Within the listing that follows, reproduce exactly the lines starting at the line with "224. M - CIROC" and ending at the line with "In continuation of", inclusive, and only those. Pictures are dropped.

··· THE INPUT ···

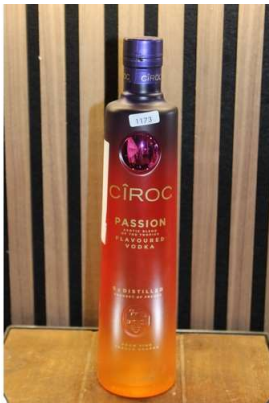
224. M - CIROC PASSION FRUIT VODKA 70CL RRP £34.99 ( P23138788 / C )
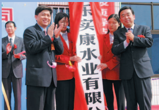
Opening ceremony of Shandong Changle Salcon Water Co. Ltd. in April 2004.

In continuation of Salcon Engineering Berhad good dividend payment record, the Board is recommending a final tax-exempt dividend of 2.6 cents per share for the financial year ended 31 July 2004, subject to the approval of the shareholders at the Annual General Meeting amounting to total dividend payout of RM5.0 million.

···
··· THE INPUT ···

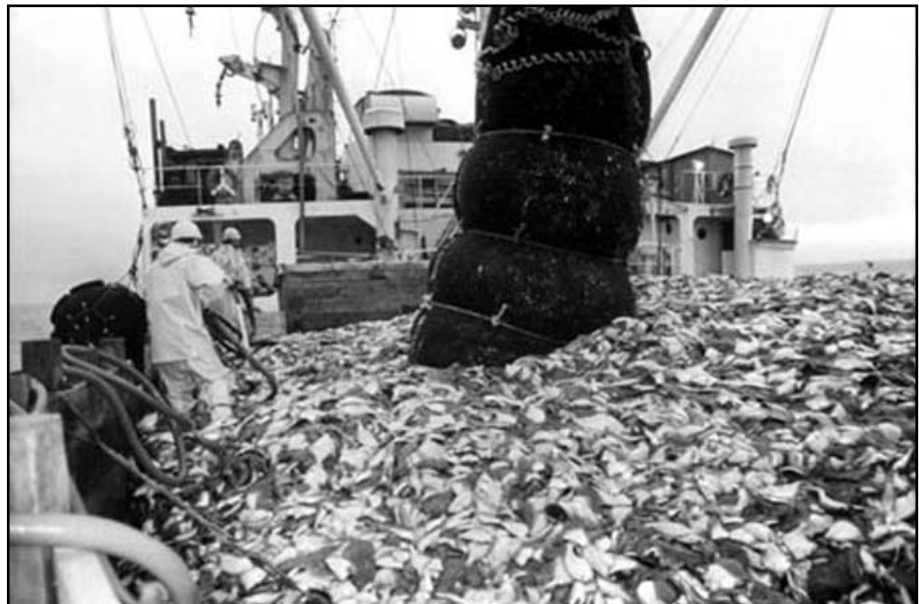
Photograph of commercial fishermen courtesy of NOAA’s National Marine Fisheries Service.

···

• **EXERCISE RESULT**
224. M - CIROC PASSION FRUIT VODKA 70CL RRP £34.99 ( P23138788 / C )
Opening ceremony of Shandong Changle Salcon Water Co. Ltd. in April 2004.

In continuation of Salcon Engineering Berhad good dividend payment record, the Board is recommending a final tax-exempt dividend of 2.6 cents per share for the financial year ended 31 July 2004, subject to the approval of the shareholders at the Annual General Meeting amounting to total dividend payout of RM5.0 million.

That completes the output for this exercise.